Bonfá first gained widespread exposure in Brazil in 1947 when he was featured on Rio's Rádio Nacional, then an important showcase for up-and-coming talent. He was a member of the vocal group Quitandinha Serenaders in the late 1940s. Some of his first compositions such as "Ranchinho de Palha", "O Vento Não Sabe", were recorded and performed by Brazilian crooner Dick Farney in the 1950s. Bonfá's first hit song was "De Cigarro em Cigarro" recorded by Nora Ney in 1957. It was through Farney that Bonfá was introduced to Antônio Carlos Jobim and Vinicius de Moraes, the leading songwriting team behind the worldwide explosion of the great Bossa Nova in the late 1950s to 1970s, becoming a fever in the US. Bonfá collaborated with them and with other prominent Brazilian musicians and artists in productions of de Moraes' anthological play Orfeu da Conceição, which several years later gave origin to Marcel Camus' film Black Orpheus (Orfeu Negro in Portuguese). In the burgeoning days of Rio de Janeiro's thriving jazz scene, it was commonplace for musicians, artists, and dramatists to collaborate in such theatrical presentations. Bonfá wrote some of the original music featured in the film, including the numbers "Samba de Orfeu" and his most famous composition, "Manhã de Carnaval" (of which Carl Sigman later wrote a different set of English lyrics titled "A Day in the Life of a Fool"), which has been among the top ten standards played worldwide, according to The Guinness Book of World Records.

As a composer and performer, Bonfá was an exponent of the bold, lyrical, lushly orchestrated, and emotionally charged samba-canção style that predated the arrival of João Gilberto's more refined and subdued bossa nova style. Jobim, João Donato, Dorival Caymmi, and other contemporaries were also essentially samba-canção musicians until the sudden, massive popularity of the young Gilberto's unique style of guitar playing and expressively muted vocals transformed the music of the day into the music of the future. Camus' film and Gilberto's and Jobim's collaborations with American jazzmen such as Stan Getz and Charlie Byrd did much to bring Brazilian popular music to the attention of the world, and Bonfá became a highly visible ambassador of Brazilian music in the United States beginning with the famous November 1962 Bossa Nova concert at New York's Carnegie Hall.

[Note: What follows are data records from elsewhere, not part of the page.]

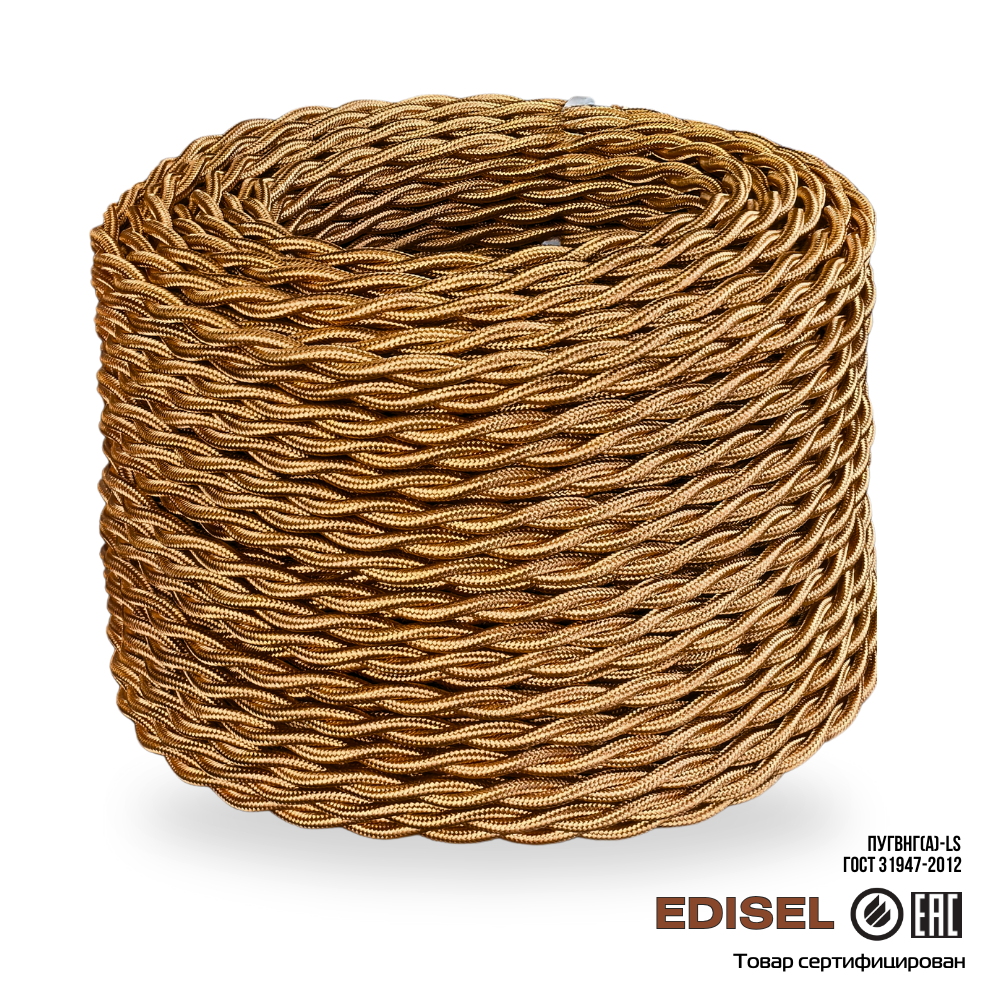 Витой ретро провод 2х2.5 медный шелк EDISEL ПРВ (ПуГВнг(А)-LS)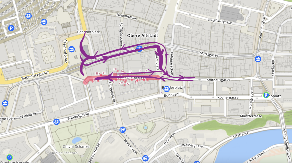 En gros : la manif est partie de la gare, par Spitalgasse, prenant à droite sur la Bärenplatz pour atteindre la place fédérale (à 1:50 on voit la police reculer sous la pression du black block).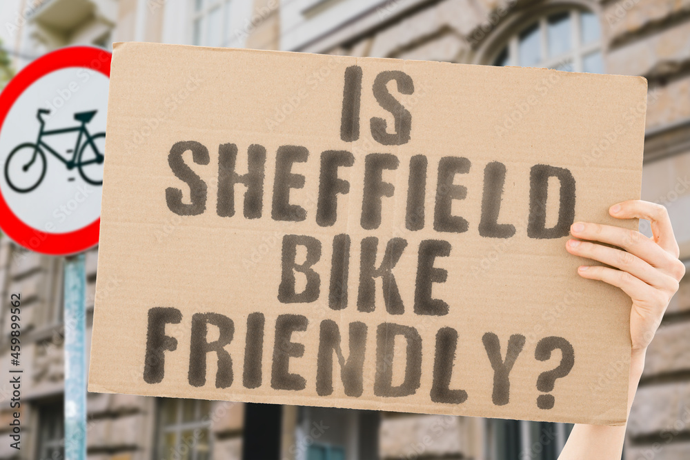 The question " Is Sheffield bike friendly? " on a banner in men's hand with blurred background. Transportation. Zero waste. Bicycle lane. Streets. City. Safety. Insecure. Road signs. Dangerous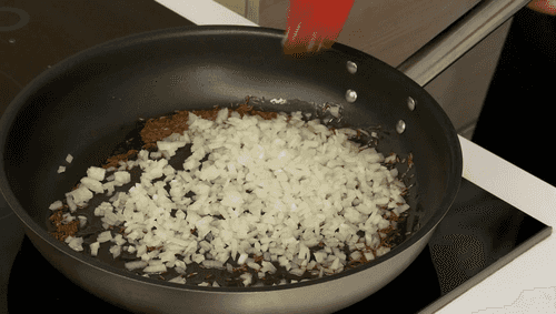 После чего добавить фарш и жарить 10–15 минут. Добавить томатную пасту, черный перец, хлопья чили, сахар и соль по вкусу, жарить еще 2–3 минуты. Затем снять с огня и добавить в фарш половину рубленой петрушки.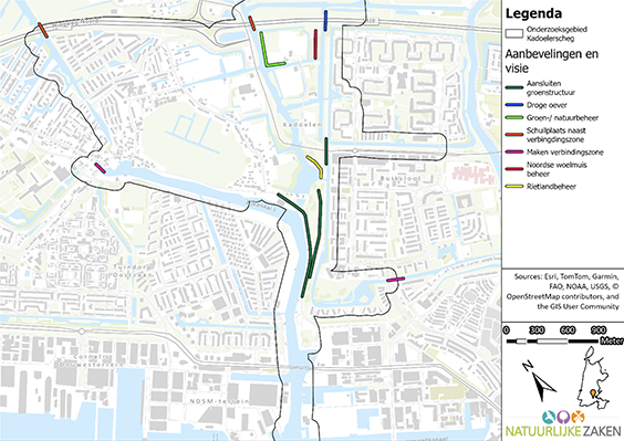 - Verbeter de verbindingen: De wateren, sloten en groene zones vormen het netwerk van de Kadoelerscheg. Deze moeten behouden blijven en waar mogelijk versterkt worden.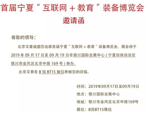 【邀請函】北京文香即將亮相首屆寧夏“互聯網+教育”裝備博覽會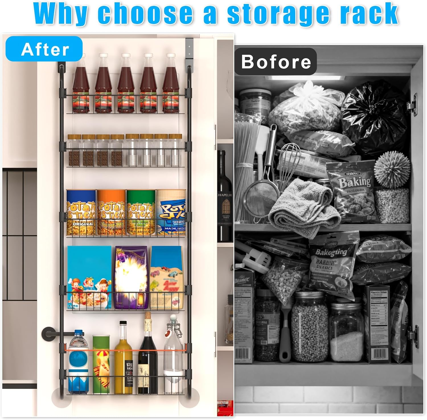 Height Adjustable Multifunctional Storage: This door storage rack can flexibly adjust the position of the basket according to the height of the items, making it more convenient to store items of different heights. When storing higher items, the protective railing can prevent them from tipping over and falling. Our seasoning rack can meet your different needs and can be used as a food storage room organizer, bathroom door rack, bottle rack, and cosmetics organizer. Very suitable for kitchens, food storage rooms, bathrooms, bedrooms, or laundry rooms. It will be a must-have for your family organization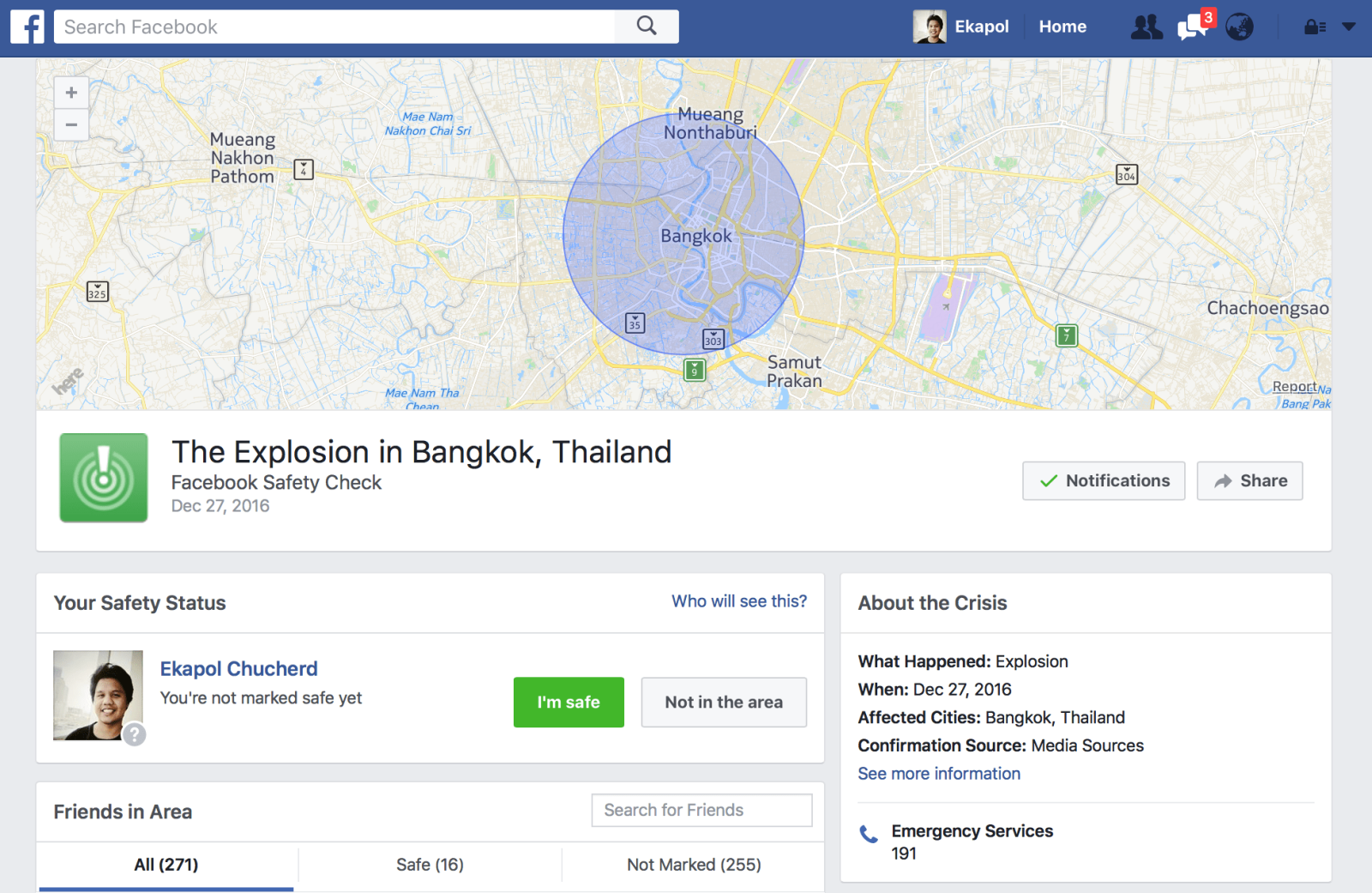 28/12/2016หลังเฟซบุ๊กทำคนไทยทั้งกรุงเทพแตกตื่นว่าเกิดเหตุระเบิดในกรุงเทพมหานคร จนเปิดระบบ Facebook Safety Check เพื่อยืนยันความปลอดภัยของผู้ใช้ในช่วงคืนวันที่ 27 ธันวาคม ล่าสุดฝ่ายประชาสัมพันธ์ของเฟซบุ๊กประเทศไทยชี้แจงการแจ้งเตือนในไทยนั้นถูกต้องแล้ว โดยอ้างอิงเหตุการณ์ขว้างระเบิดปิงปองที่ทำเนียบวานนี้ และเป็นการเปิดใช้ระบบแจ้งเตือนโดยบุคคลที่สาม ไม่ใช่ทางเฟซบุ๊กเอง
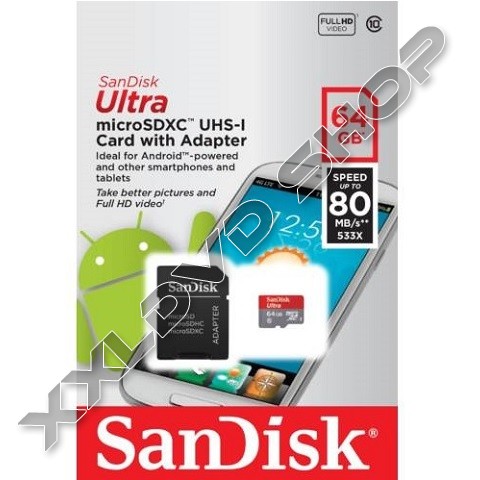 SANDISK ULTRA 64GB MICRO SDHC MEMÓRIAKÁRTYA UHS-I ANDROID CLASS 10 + ADAPTER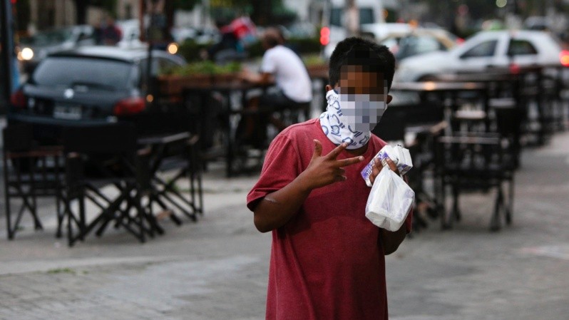Noche del Día de la Madre. El festejo es en la vereda de un bar de Pichincha con los recaudos que el coronavirus impone. La cena se extiende unas tres horas, a lo largo de las cuales la comida rica, el brindis y los regalos chocan con la aparición en 6 oportunidades de niños, jóvenes, familias enteras que se acercan a la mesa a vender pañuelitos, revistas, estatuillas. Otros directamente piden dinero y también aceptan comida.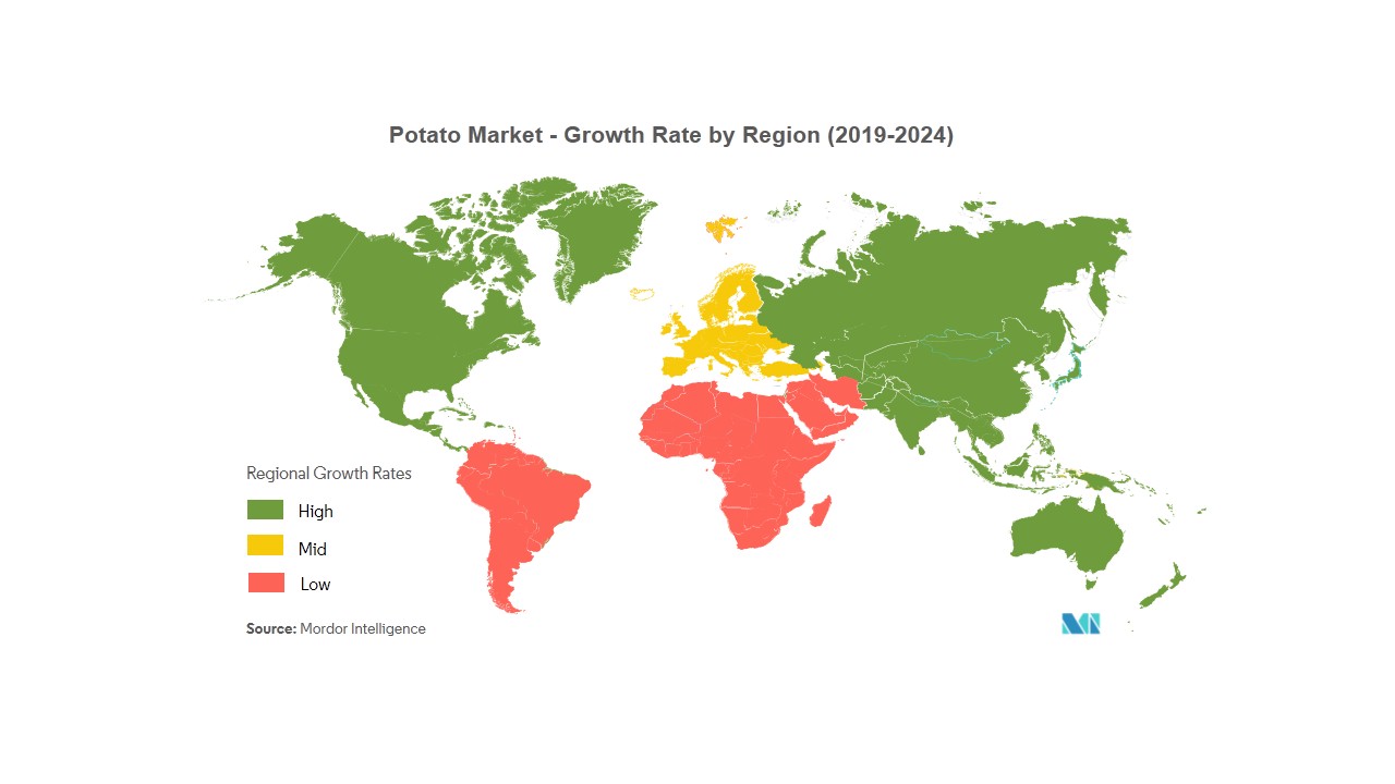 Asia-Pacific retains 50.3% of worldwide potato consumption in 2024. China’s 95.6 million-ton crop and India’s surge in new processing lines approved by the Ministry of Food Processing Industries underpin the region’s dominance and accelerate demand for on-farm cold storage and logistics upgrades[3]Source: Ministry of Food Processing Industries, “Approved Mega Food Parks and Processing Lines 2024-25,” mofpi.gov.in. The Ministry of Commerce confirmed that McDonald’s China subsidiary secured foreign-investment clearance for a network expansion to 10,000 outlets by 2028, a move anticipated to lock in long-term contracts for fries-grade potatoes[4].Source: Ministry of Commerce of the People’s Republic of China, “Foreign Investment Projects Catalogue 2025,” mofcom.gov.cn Regional growth over the next five years will rely on the rollout of aeroponic seed units and sensor platforms to smaller producers, initiatives already funded through the Asian Development Bank’s AgriTech corridor program.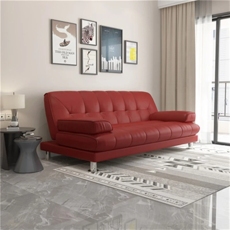 Modern Multifunctional PU Leather Sofa Bed for Small Spaces - Foldable and Removable Cover, Perfect for Living Room and Office Use, High Elasticity, Three-Seater Design
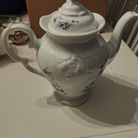 Vintage. blader. blomster. grå blomster. gyldne blomster. kanne. relief. stavhank.tekanne. Porsgrunn Porselænsfabriktekanne. Kaffekanne. Antikk.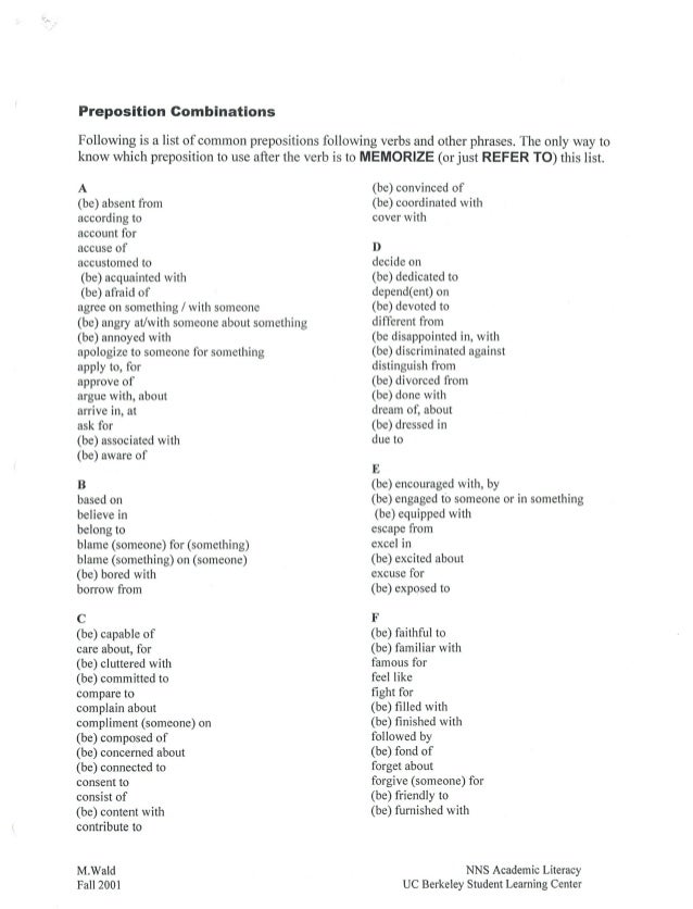 Prepositions Cheat Sheet Ego Main The Chicago School Of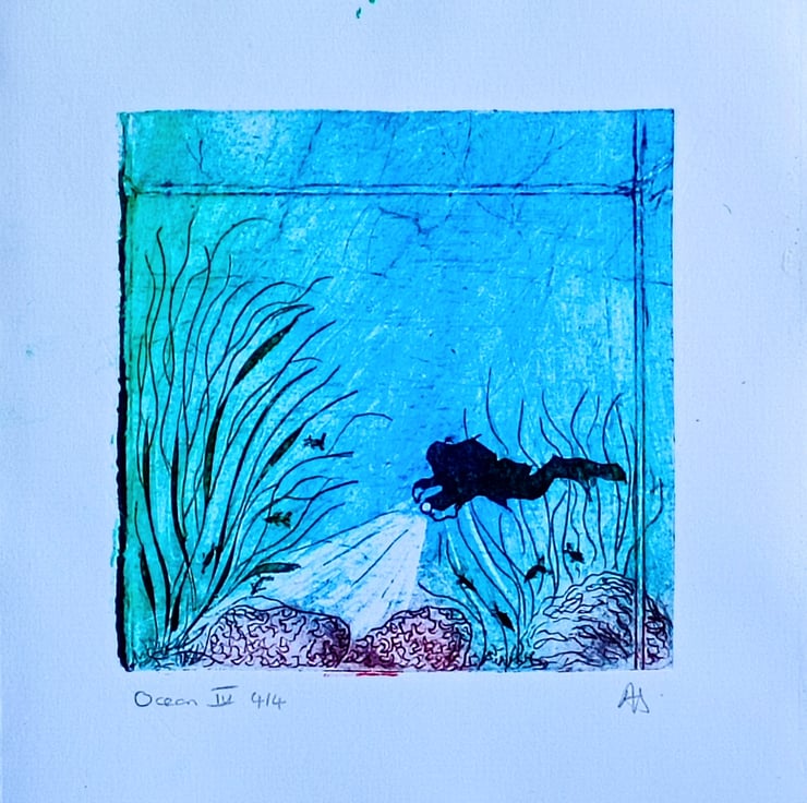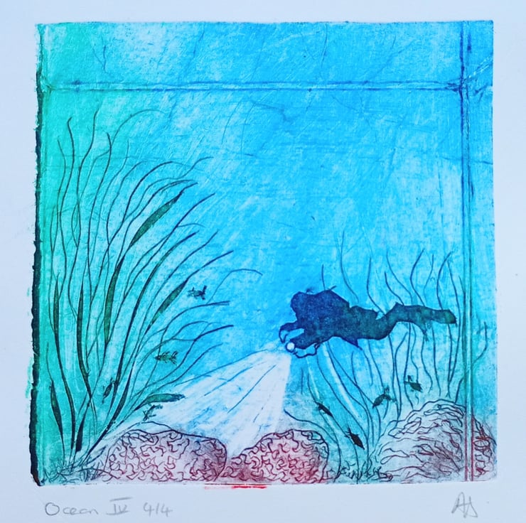This colourful drypoint featuring a scuba diver would appeal to those who love exploring the world.

Bonfá worked with American musicians such as Quincy Jones, George Benson, Stan Getz, and Frank Sinatra, recording several albums while in U.S. Elvis Presley sang a Bonfá composition, "Almost in Love" with lyrics by Randy Starr in the 1968 MGM film Live a Little, Love a Little. Also of note is his "The Gentle Rain", with lyrics by Matt Dubey, ""Non-Stop To Brazil"" (recorded by Astrud Gilberto) and "Sambolero". From 1990 to 1999, Bonfá worked with singer Ithamara Koorax on several recordings and concerts, appearing live with her as special guest at several venues in Rio de Janeiro such as Teatro Rival, BNDES Auditorium and Funarte-Sidney Miller Hall. They also recorded together, in 1996, the album Almost In Love - Ithamara Koorax Sings The Luiz Bonfá Songbook, featuring Bonfá on acoustic guitar plus special guests Larry Coryell, Eumir Deodato, Ron Carter, Marcos Suzano, and Sadao Watanabe. The sessions, produced by Arnaldo DeSouteiro, were filmed for a Japanese TV broadcast presented by Sadao Watanabe.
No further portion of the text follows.